Spray

Spray

Spray is a powerful and intelligent HTTP buster tool designed for directory brute-forcing. It offers features that make it user-friendly and precise, suitable for both beginners and advanced users.

Key Features

• Dictionary-based Brute Force: Read directories from a dictionary for brute-forcing.

  spray -u http://example.com -d wordlist1.txt -d wordlist2.txt

  Copy

• Mask-based Dictionary Generation: Generate dictionaries based on masks.

  spray -u http://example.com -w "/aaa/bbb{?l#4}/ccc"

  Copy

• Rule-based Dictionary Generation: Create dictionaries based on specific rules.

  spray -u http://example.com -r rule.txt -d 1.txt

  Copy

• Batch Scanning: Brute-force multiple targets in a single run.

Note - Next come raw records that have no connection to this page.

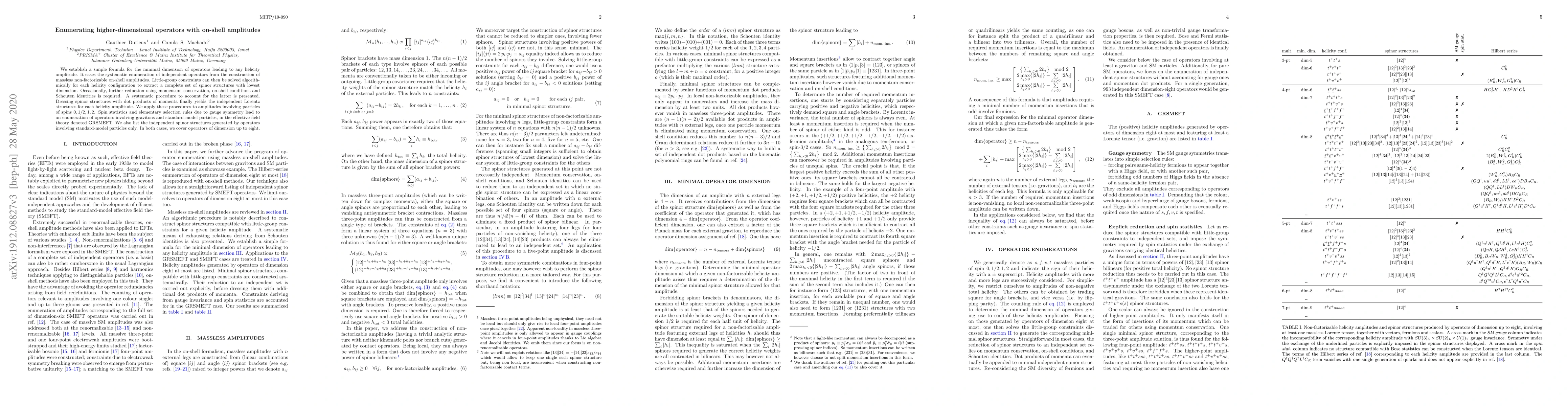 We establish a simple formula for the minimal dimension of operators leading to any helicity amplitude. It eases the systematic enumeration of independent operators from the construction of massless non-factorizable on-shell amplitudes. Little-group constraints can then be solved algorithmically for each helicity configuration to extract a complete set of spinor structures with lowest dimension. Occasionally, further reduction using momentum conservation, on-shell conditions and Schouten identities is required. A systematic procedure to account for the latter is presented. Dressing spinor structures with dot products of momenta finally yields the independent Lorentz structures for each helicity amplitude. We apply these procedures to amplitudes involving particles of spins 0,1/2,1,2. Spin statistics and elementary selection rules due to gauge symmetry lead to an enumeration of operators involving gravitons and standard-model particles, in the effective field theory denoted GRSMEFT. We also list the independent spinor structures generated by operators involving standard-model particles only. In both cases, we cover operators of dimension up to eight.
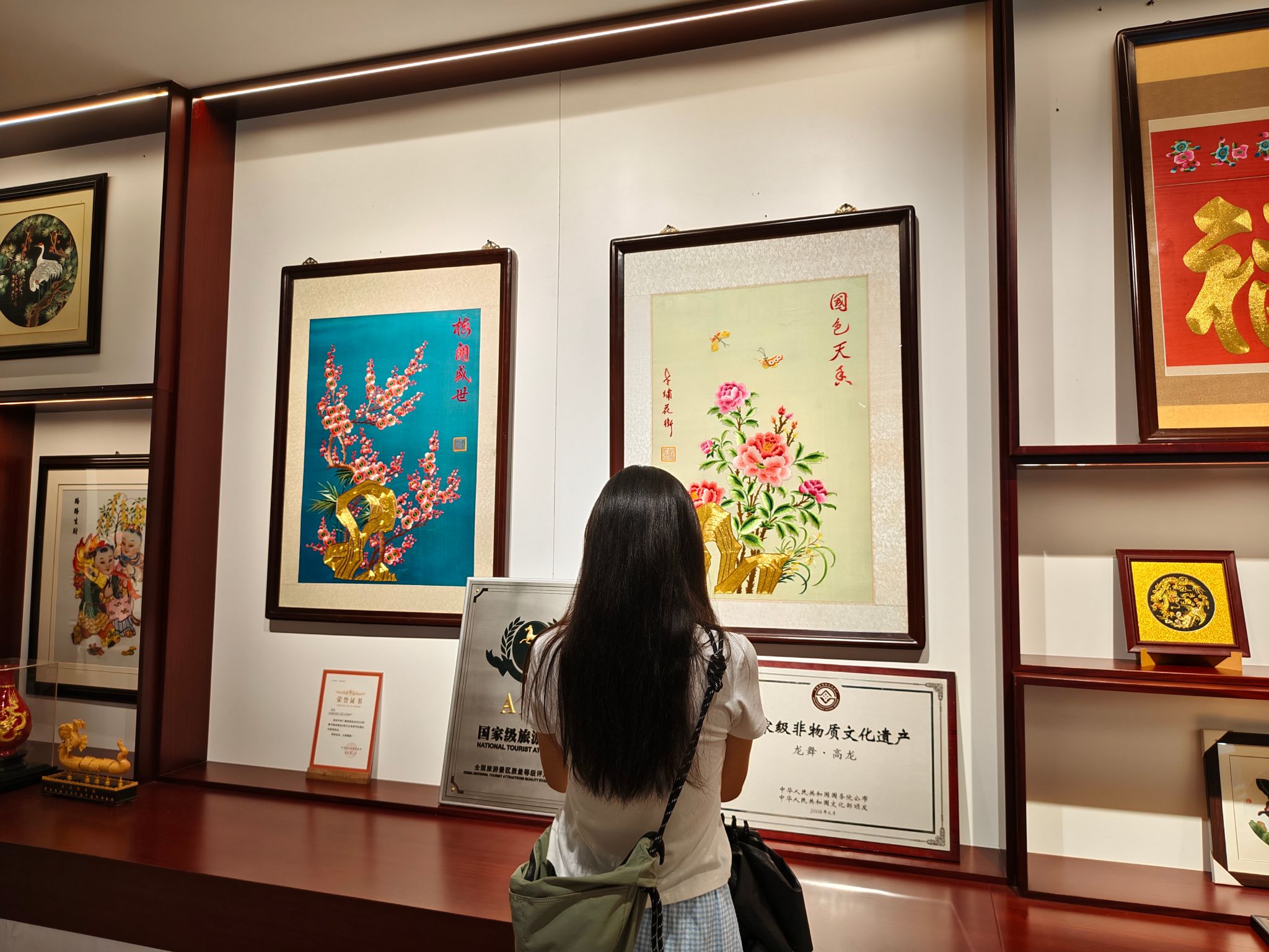 迈进博物馆展厅,“汉绣历史沿革” 主题展板率先揭开岁月序幕。汉绣始于汉代,兴于唐代,盛于清代,在武汉地区逐步形成鲜明地域特色:从三国时期刘备借荆州时的手工制绣雏形,到清代嘉庆年间武汉绣坊林立的繁盛景象;从 1910 年汉绣作品获南洋赛会奖项扬名全国,到 2008 年正式入选国家级非物质文化遗产名录…… 千年传承的时间轴清晰呈现,让团队成员直观触摸到汉绣厚重的历史温度。
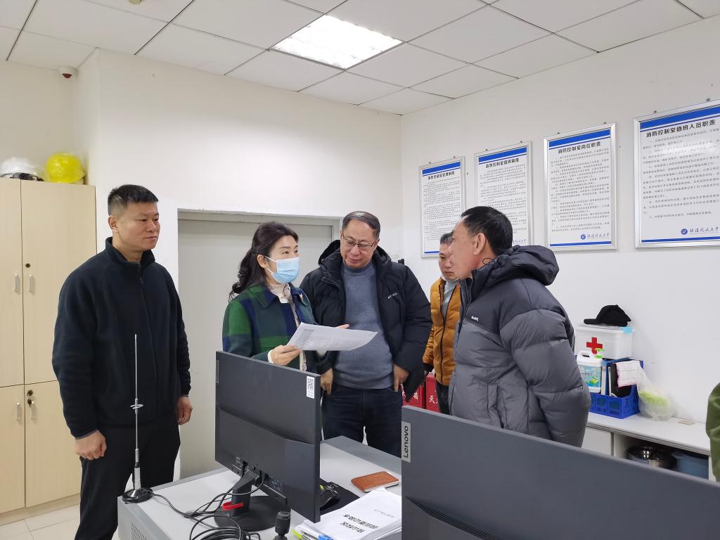 庄莉一行深入桂山校区,随机检查保卫部门、电动车停车棚、学生公寓等场所的消防设施、疏散通道等消防安全措施落实情况,督促指导有关部门全面排查整治消防安全隐患,加强消防安全教育与管理工作。
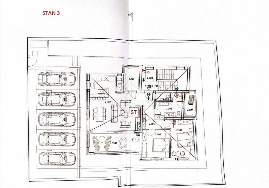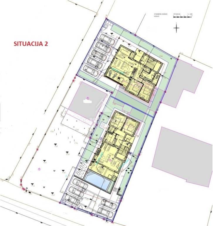 Apartment 3 - apartment on the second floor of a residential building with a net area of 109.59 m/2 including two parking spaces. The apartment consists of an entrance hall, kitchen with pantry, dining room, spacious living room with an area of 37.75 m/2 with access to a covered loggia with an area of 15.40 m/2, two bedrooms, bathroom, separate toilet and two more covered loggias. Please note that in the process of dividing the completed building there is a possibility of deviation from the stated square footage.
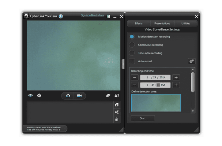 এই Cyberlink YouCam সফটওয়্যারে আপনি টাইম ফ্রেম নির্দিষ্ট করে দিতে পারবেন এবং মোশন ডিটেক্ট করার জন্য নির্দিষ্ট এরিয়া সিলেক্ট করতে পারবেন। এর ইমেইল ফিচারটি 5 ভার্সনের জন্য ফ্রিতে পাবেন না, আপনাকে প্যাকেজ কিনতে হবে তবে এর 4 ভার্সনে এটি ফ্রিতেই পেয়ে যাবেন৷ তাই আপনি ফ্রিতে ইমেইল ফিচার পেতে চাইলে এর 4 ভার্সন ব্যবহার করতে পারেন।
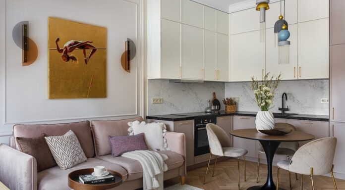 Владелица этой квартиры любит готовить и проводить дегустации для своих друзей. На небольшой площади квартиры предстояло обустроить достаточно места для этого. И, конечно, оформить удобную и комфортную приватную зону.
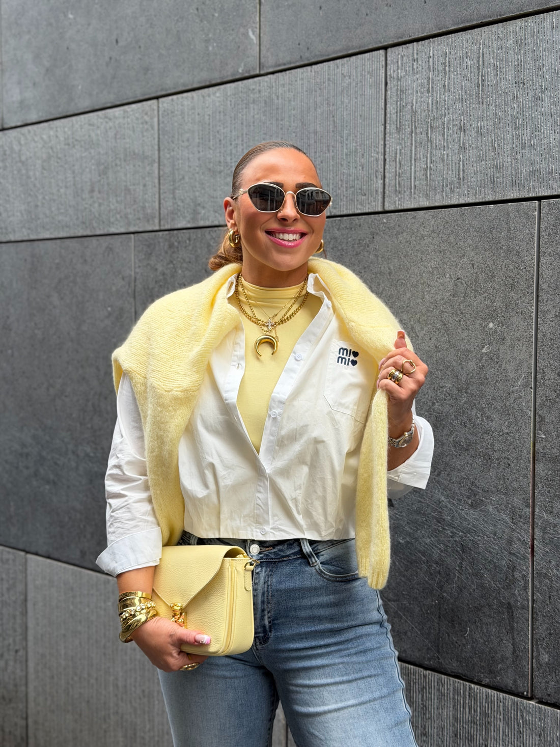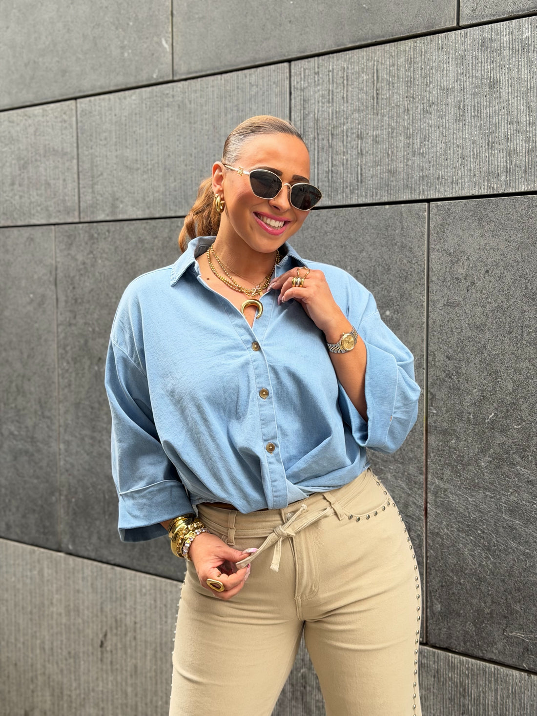 Cropped viscose katoenen bloesje die je heel leuk op een jeans kan combineren. De bloes...
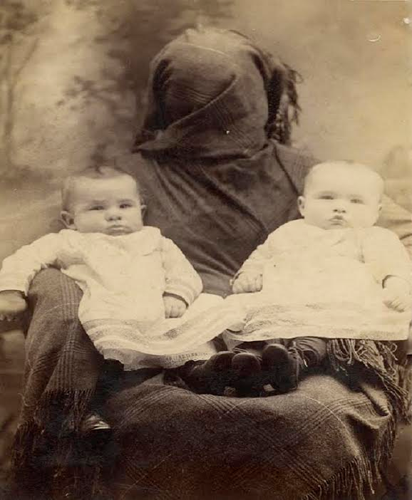 At the other end of the spectrum of photographed motherhood exists “Hidden Mother” photography. It is notorious mostly in retrospective; although it was a common practice at the time, it is the eerie tone which the images take on from a modern perspective which have ensured their longevity. Hidden mother portraits arose simply as an adaptation to the demands of Victorian photography in order to facilitate portraits of babies. Due to the length of the exposure time, often in addition to the unfamiliarity of the portrait studio, it was difficult to keep babies still long enough for portraits, but high infant mortality rates caused a demand for baby portraits. In order to do so, the baby would be sat on the mother’s lap, and a sheet would be placed over the mother – here, the mother is also draped in cloth, but unlike Cameron’s Madonnas, the face is not visible. A card was placed over the portrait such that the mother’s silhouette would be covered, and the sheet becomes at first glance simply a backdrop. However, upon removal of the card, the shrouded figure is revealed, creating a haunting picture. With some, it is nearly possible to read the figure as an oddly shaped chair; in others, the head is clearly visible under the sheet. In others still, the mother simply holds the child’s hand from behind a sheet, almost completely unnoticeable. It is difficult to say which of these are the creepiest in modern eyes (Bathurst).
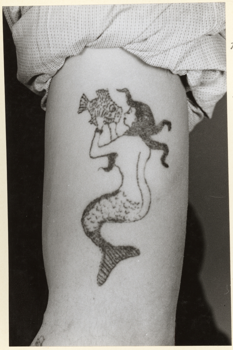 Tatuering på vänster överarm, utförd av Augustsson själv.
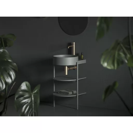 A Yard nyitott bútor stabil fémszerkezetből és két polcból áll. A CS Yard 40 polcokkal ellátott álló fémszerkezet kifejezetten a Yard 40 dizájnos mosdóhoz készült. A szerkezet szifonlyukkal és rögzítő lábakkal van felszerelve. A polcok tökéletesen követik a mosdó formáját és rengeteg tárolóhelyet biztosítanak. A terméket a falhoz kell rögzíteni. Bontott állapotban 1 csomagban szállítjuk. A Yard fürdőszobabútor sorozat lehetővé teszi a Yard mosdó, csaptelep, leeresztő és szifon kombinálását a kiválasztott színkombinációkban a tökéletes eredmény érdekében.
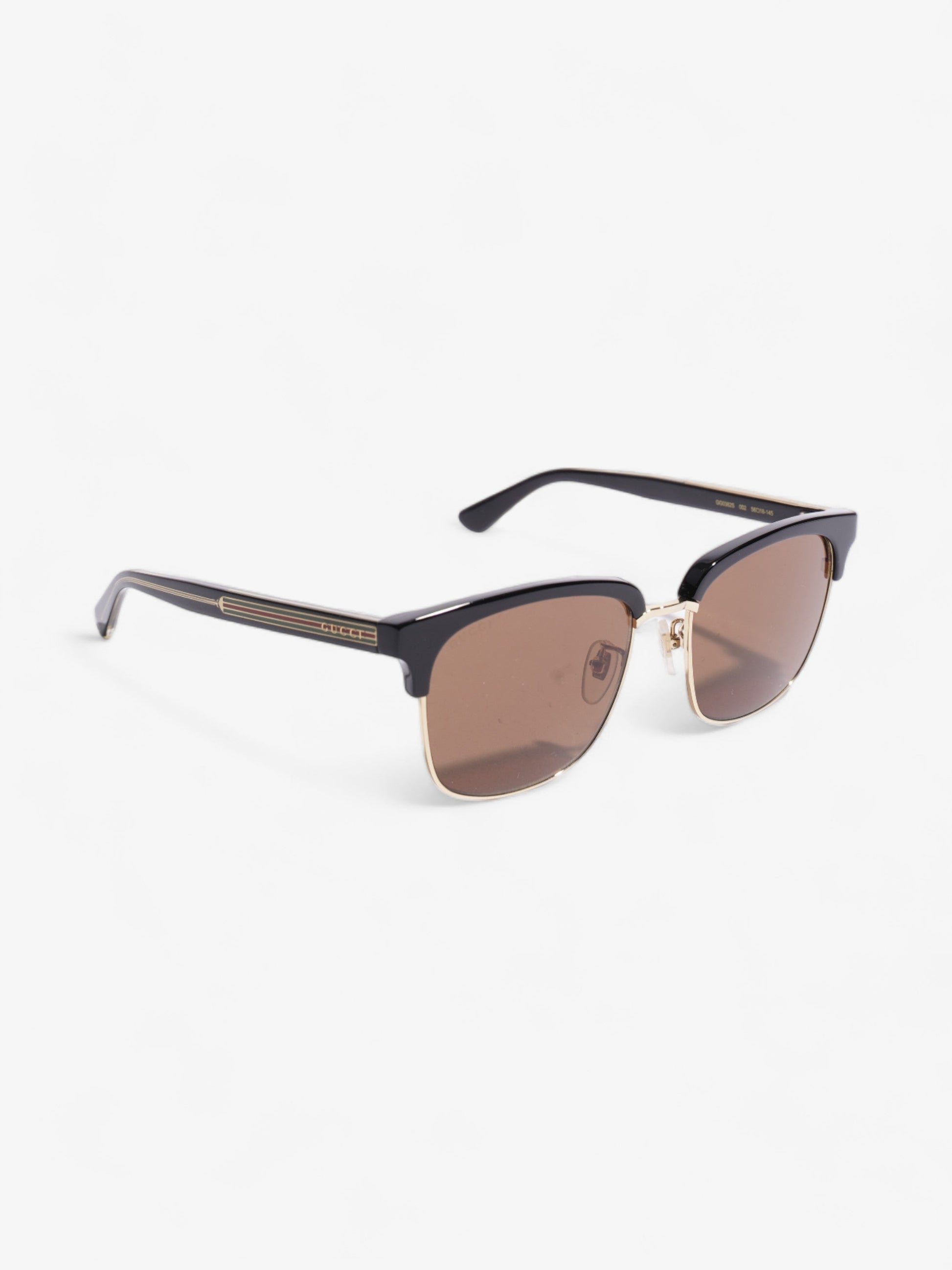 Gucci Rectangular Framed Sunglasses Black / Gold Acetate 145mm

  spray -l url.txt -r rule.txt -d 1.txt

  Copy

• Adaptive Performance: Automatically adjusts concurrency based on network conditions.
• Extensive Fingerprinting: Integrates with fingerprinthub and wappalyzer for enhanced identification.
• Crawling Capability: Allows crawling of the target site for comprehensive scanning.
• Backup and Common File Scanning: Ability to scan for backup files and common directories.

Benefits

• Easy to use with comprehensive documentation.
• Scalable performance improvements for multi-target scenarios.
• Supports various input methods and customizable configurations.

Highlights

• Developed by the chainreactors team, Spray is continuously improved with user feedback and performance testing against competitors where it shows superior capabilities.